ASSIGNED TASK ▸
Among the lines below, a stretch begins at the one with "Add Redirect URIをクリックし" and ends at the one with "Pearl Round Neck Women Sweater". Repeat that stretch exactly, ends included.

STUDY MATERIAL ▸
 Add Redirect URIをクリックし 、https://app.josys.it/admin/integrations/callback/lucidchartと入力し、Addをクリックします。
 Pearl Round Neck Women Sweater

==

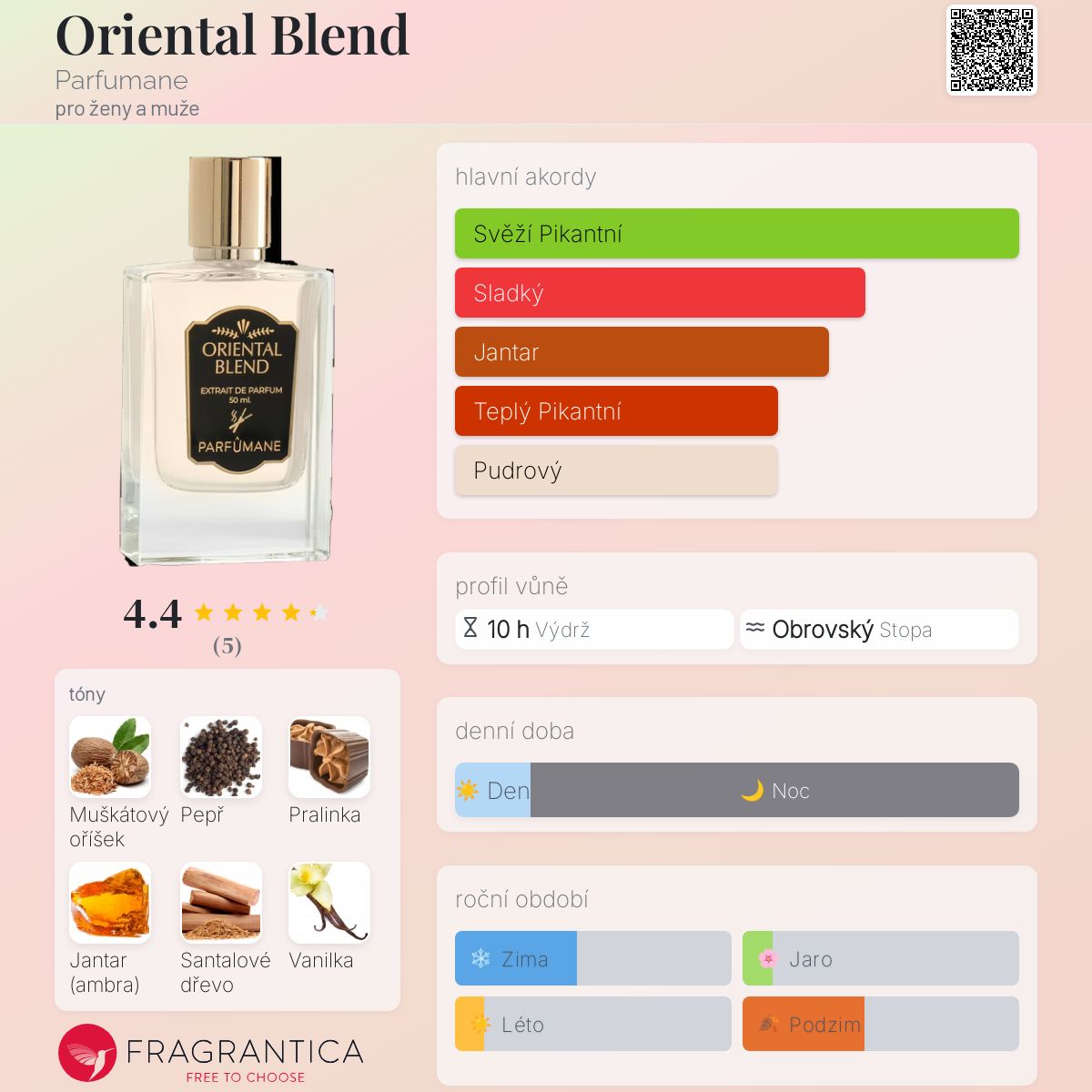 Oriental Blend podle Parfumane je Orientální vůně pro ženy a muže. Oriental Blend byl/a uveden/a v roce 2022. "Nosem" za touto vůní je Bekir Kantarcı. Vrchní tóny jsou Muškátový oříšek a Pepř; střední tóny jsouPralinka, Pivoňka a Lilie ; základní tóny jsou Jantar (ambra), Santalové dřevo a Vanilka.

ANSWER BOX ▸
 Add Redirect URIをクリックし 、https://app.josys.it/admin/integrations/callback/lucidchartと入力し、Addをクリックします。
 Pearl Round Neck Women Sweater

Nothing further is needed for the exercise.